>>>>

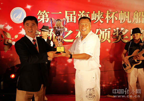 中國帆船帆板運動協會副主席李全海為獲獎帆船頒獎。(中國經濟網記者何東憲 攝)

<<<<
>>>>

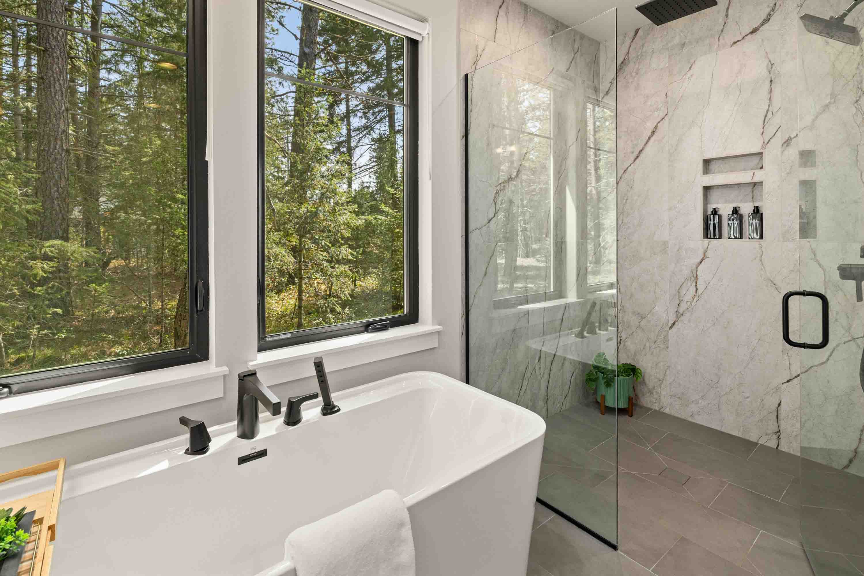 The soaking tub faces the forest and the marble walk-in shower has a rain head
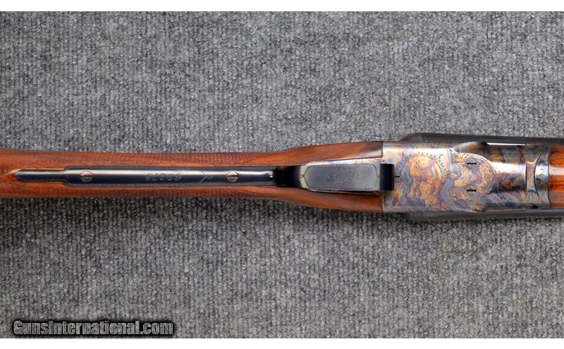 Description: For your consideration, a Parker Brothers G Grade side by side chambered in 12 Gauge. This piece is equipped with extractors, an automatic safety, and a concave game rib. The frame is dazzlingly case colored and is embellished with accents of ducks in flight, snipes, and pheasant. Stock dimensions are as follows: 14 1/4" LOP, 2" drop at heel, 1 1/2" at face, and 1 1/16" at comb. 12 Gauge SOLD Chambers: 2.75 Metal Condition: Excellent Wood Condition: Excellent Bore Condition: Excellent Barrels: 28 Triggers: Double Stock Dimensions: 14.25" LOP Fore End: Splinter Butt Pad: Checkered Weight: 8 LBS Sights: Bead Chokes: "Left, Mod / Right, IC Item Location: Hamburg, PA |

<<<<

THE PROBLEM ->
Your answer must be the exact lines from the records above, from the one containing "The soaking tub" through the one containing "Description: For your", both included, with every picture left out.

ANSWER AREA ->
 The soaking tub faces the forest and the marble walk-in shower has a rain head
 Description: For your consideration, a Parker Brothers G Grade side by side chambered in 12 Gauge. This piece is equipped with extractors, an automatic safety, and a concave game rib. The frame is dazzlingly case colored and is embellished with accents of ducks in flight, snipes, and pheasant. Stock dimensions are as follows: 14 1/4" LOP, 2" drop at heel, 1 1/2" at face, and 1 1/16" at comb. 12 Gauge SOLD Chambers: 2.75 Metal Condition: Excellent Wood Condition: Excellent Bore Condition: Excellent Barrels: 28 Triggers: Double Stock Dimensions: 14.25" LOP Fore End: Splinter Butt Pad: Checkered Weight: 8 LBS Sights: Bead Chokes: "Left, Mod / Right, IC Item Location: Hamburg, PA |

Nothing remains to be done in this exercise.